Próbuję złożyć się w całość. Bóg mnie rzucił, nie trafił do celu. Teraz trzeba pozbierać z podłogi, wstać, otrzepać, dotrzeć gdzieś, zrobić coś, marsz, marsz, Dąbrowski. Zjeżdżam w połowie życia ruchomymi schodami na peron trzeci piekła, krąg pierwszy. Patrzę na ludzi obijających się o siebie w sobotę o czwartej czterdzieści rano. Zawieruszeni na Centralnym, próbują wsiąść do właściwego wagonu. (…). Jak nazywał się pociąg z wagonami bydlęcymi relacji Wołyń-Syberia, może Dostojewski albo Tołstoj?”
Hermanowicz zamieszcza tutaj wszystko i jakimś cudem unosi ciężar historii swojej rodziny. Zesłanie, powrót do poniemieckiej pustki, dziedziczenie traum, wyrwa w młodszym pokoleniu nie do zasypania, znamię bycia dzieckiem ocalałych. Wszystko tu jest poniemieckie, poradzieckie, sypie się na ulicy Koniec dziesięć, skrzypi, rdzewieje, nie daje się naprawić. Autorka wybiera nietuzinkowy sposób podzielenia się losami swoich przodków. Na główną bohaterkę wybiera Malwinkę, dziewczynkę podziurawioną przeszłością, która nie czuje się ani żywa ani martwa. Śni nieswoje sny, te przejęła jej babka. To dzięki temu mechanizmowi możemy śledzić fabułę rozpościerającą się pomiędzy wojenną tragedię zsyłki na Syberię i Polskę lat 90-tych XX wieku.
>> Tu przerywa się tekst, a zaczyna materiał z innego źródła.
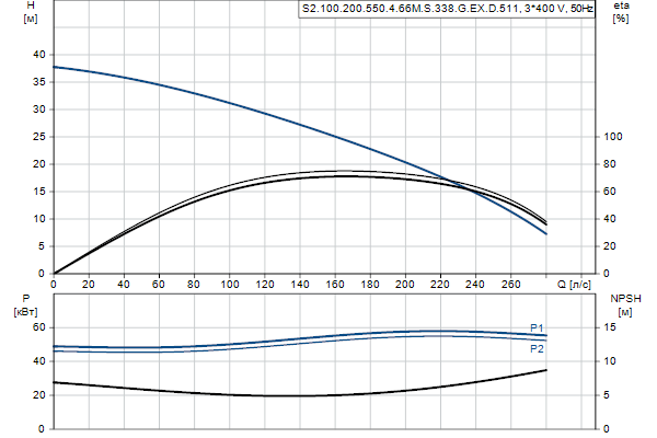 Насос предназначен для периодической и непрерывной эксплуатации в погруженном положении. Двухканальное рабочее колесо пропускает твердые частицы размером до 100 мм .
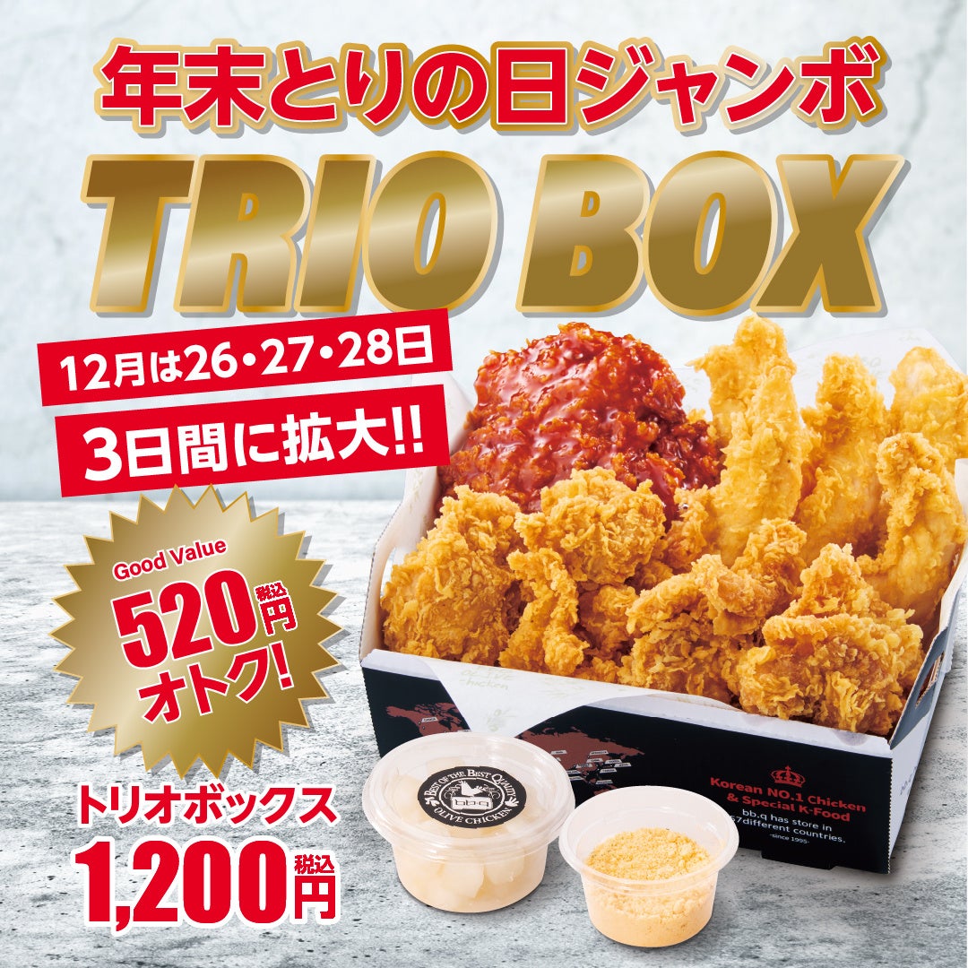 【bb.q オリーブチキン】年末とりの日ジャンボ開催!毎月28日「とりの日」限定販売の積み上げ価格から520円オトクな『トリオボックス』が12月は26・27・28日の3日間に販売期間拡大!

To, jak Hermanowicz pisze, do jakich salt językowych ma talent, jak zachwyca, nie opuści nigdy czytelniczej pamięci. Niesamowitym jest fakt, że niełatwo było jej znaleźć wydawcę. Każde zdanie jest tak dopracowane, że nie sposób nie docenić morderczej pracy, jaką wykonała autorka, by nie tylko opowiedzieć tę historię, ale zrobić to w sposób równy arcydziełu. „Bloki miały barwę ludzkiego mięsa, barwę człowieka świeżo obdartego ze skóry” - pisze w pewnym momencie i takie dla mnie jest jej pisanie - rozbebeszone, obdarte ze skóry, czuć je surowym mięsem i nieokiełznaniem.
Bez wahania nazywam Martę Hermanowicz najważniejszym nowym głosem na scenie polskiej prozy.
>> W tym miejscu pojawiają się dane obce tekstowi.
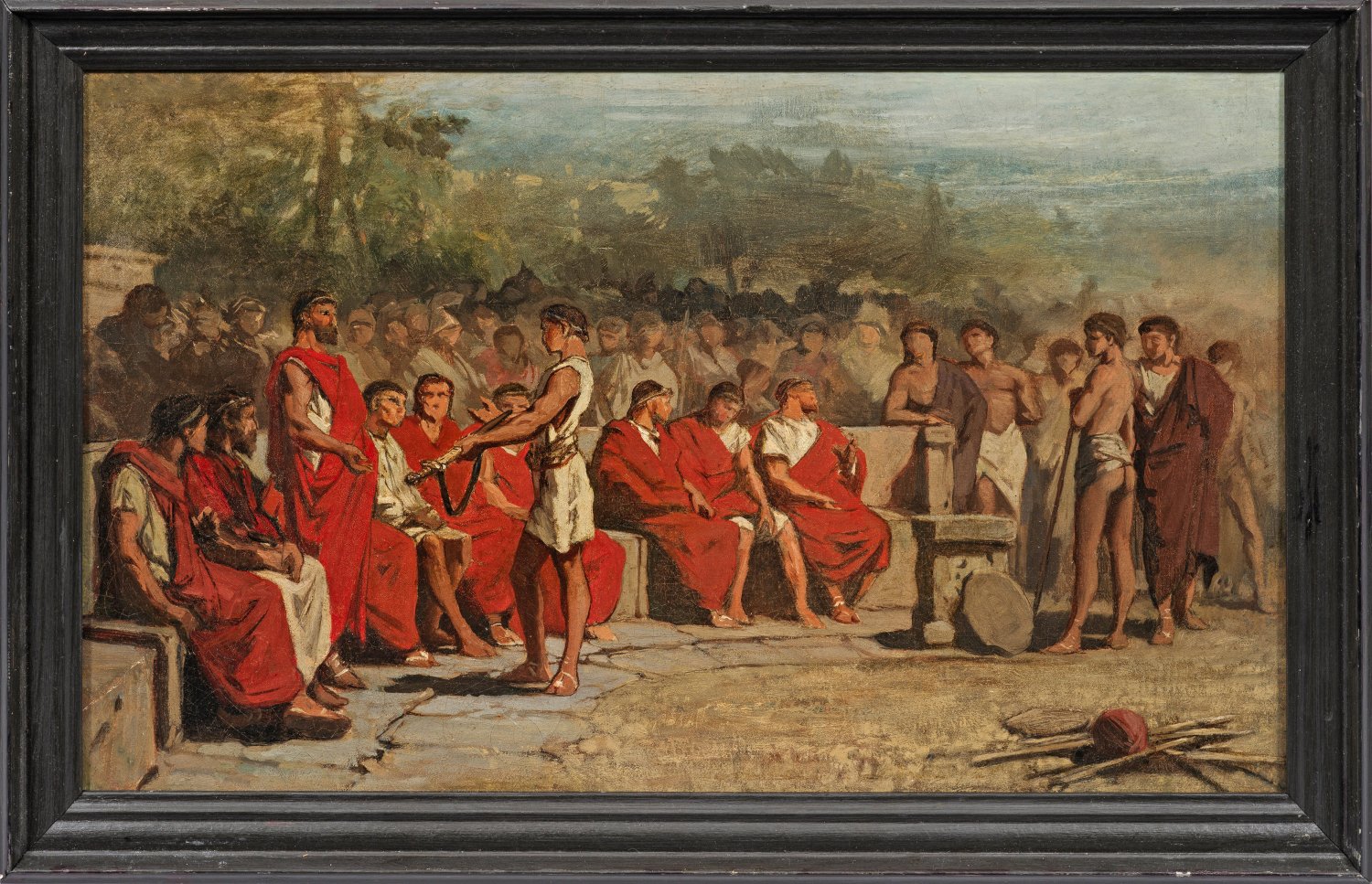 Erzählerische Szene aus der römischen Geschichte mit großer, unter freiem Himmel versammelter Menschenmenge. Im Vordergrund auf einer steinernen Bank sitzende, kleine Runde römischer Senatoren in leuchtend roten Togen. Von den Senatoren ist einer aufgestanden, um das ihm von einem Jüngling niederen Standes (oder einem Sklaven) in einer Unterwerfungsgeste entgegenengestreckte Schwert anzunehmen, während in der rechten unteren Ecke am Boden weitere Waffen liegen. Mit lockerem Duktus gemalte, vielfigurige Antikenszene, deren Komposition von der in den Bildraum als Bogen hineinführenden, viertelrunden Bank klar bestimmt wird. Motiv und Stil stehen in der Tradition von Jacques Louis David, Jean-Léon Gérôme und Eugène Delacrioix Öl/Lwd., doubliert. Verso mehrfach bez. sowie mit französischem Lacksiegel. 28 cm x 46 cm. Rahmen.

Chcę więcej. Moje słowa kuleją wobec talentu literackiego autorki, ale uwierzcie, że jest on niezaprzeczalny i epicki.
To jedna z tych książek, po których ciężko sięgnąć po następną książkę, bo wiesz, że długo nie przeczytasz nic lepszego.
Koniecznie umieśćcie ją w swoich planach czytelniczych.